Backpropagation calculates the gradient of the loss function with respect to each weight in the neural network. It does this by:
1. **Forward Pass:** The network makes predictions, and the loss is computed.
2. **Backward Pass (Backpropagation):** The gradient of the loss w.r.t. each parameter is computed by following the chain rule along the computation graph.

### Key Concepts:
- **Chain Rule:** The chain rule is used to compute the derivative of a composite function. If a variable $ z $ depends on $ y $, and $ y $ depends on $ x $, then:
  
  $$
  \frac{dz}{dx} = \frac{dz}{dy} \cdot \frac{dy}{dx}
  $$

- **Computation Graph:** Backpropagation operates on a computation graph where:
  - Each node represents an operation or variable.
  - Arrows represent data dependencies.
  
  During backpropagation, the gradient flows backward through the edges, from the loss to each parameter.

---

### Detailed Example of Backpropagation with a Simple Neural Network

Let’s consider a simple network with one input $ x $, one weight $ w $, and an output $ y $:

$$
y = w \cdot x
$$
$$
L = \frac{1}{2} (y - t)^2
$$

Where $ t $ is the target value and $ L $ is the loss function.

#### Forward Pass:
1. Compute the output: 
   
   $$
   y = w \cdot x
   $$
2. Compute the loss:
   
   $$
   L = \frac{1}{2} (y - t)^2
   $$

#### Backward Pass (Backpropagation):
We want to compute the gradient of the loss $ L $ w.r.t the weight $ w $, i.e., $ \frac{dL}{dw} $.

Using the chain rule:
1. Compute $ \frac{dL}{dy} $:
   
   $$
   \frac{dL}{dy} = (y - t)
   $$
2. Compute $ \frac{dy}{dw} $:
   
   $$
   \frac{dy}{dw} = x
   $$
3. Combine using the chain rule:
   
   $$
   \frac{dL}{dw} = \frac{dL}{dy} \cdot \frac{dy}{dw} = (y - t) \cdot x
   $$

This is the gradient that backpropagation computes and uses to update the weight $ w $ during training.

---

### Computation Graph for Backpropagation

Let's build the computation graph for the above example:

1. $ z1 = w \cdot x $ (Multiplication)
2. $ z2 = z1 - t $ (Subtraction)
3. $ L = \frac{1}{2} z2^2 $ (Squared error)

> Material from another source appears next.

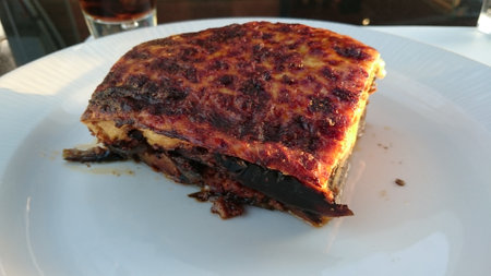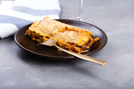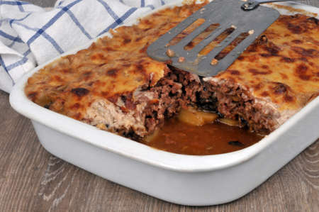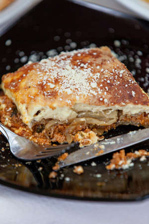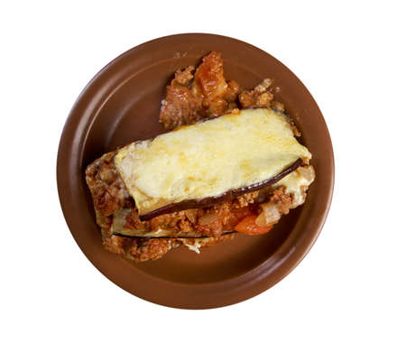Greek cuisine. Moussaka - casserole of minced meat and vegetables

Each node in the graph represents an operation or variable, and we can propagate gradients backward from the loss function to compute the gradients of all inputs.

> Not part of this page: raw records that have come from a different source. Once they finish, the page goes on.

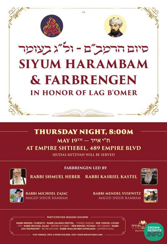Irgun Torah invites the community for a Farbrengen in Honor of Lag B’omer, and in honor of the annual Siyum HaRambam.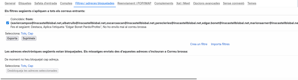 After accessing the settings, I navigated to the “Filters and Blocked Addresses” section to manage and refine automated filtering rules. This allowed me to define precise criteria for sorting incoming emails, ensuring that messages were automatically categorized according to relevance and priority.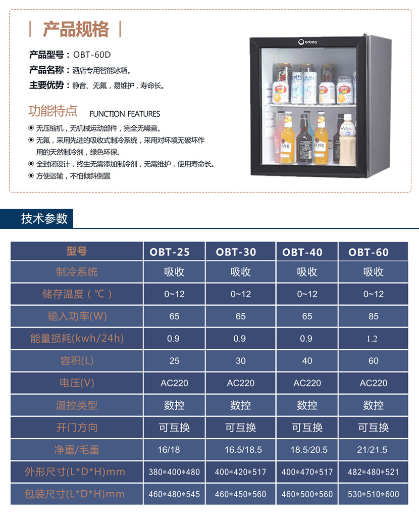 酒店智能冰箱:OBT-60D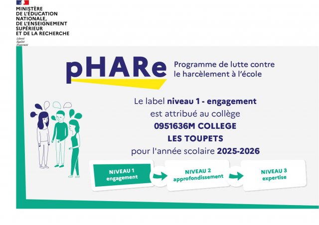 Actuellement, le collège est labellisé pHARe - Niveau 1 Engagement

### Example in PyTorch: Backpropagation

Let’s implement the above example using PyTorch's autograd:

**Explanation:**
1. We define a scalar $ x $, weight $ w $, and target $ t $.
2. We compute the output $ y = w \cdot x $ and the loss $ L = \frac{1}{2}(y - t)^2 $.
3. Using `loss.backward()`, PyTorch computes the gradient of the loss w.r.t. $ w $ via backpropagation. The result is stored in `w.grad`.


In [9]:
import torch

# Initialize input, weight, and target
x = torch.tensor(2.0, requires_grad=False)
w = torch.tensor(1.5, requires_grad=True)
t = torch.tensor(5.0, requires_grad=False)

# Forward pass: Compute output and loss
y = w * x
loss = 0.5 * (y - t)**2

# Backward pass: Compute gradients
loss.backward()

# Output the gradient of the loss w.r.t. w
print(f"Gradient of the loss with respect to w: {w.grad}")

Gradient of the loss with respect to w: -4.0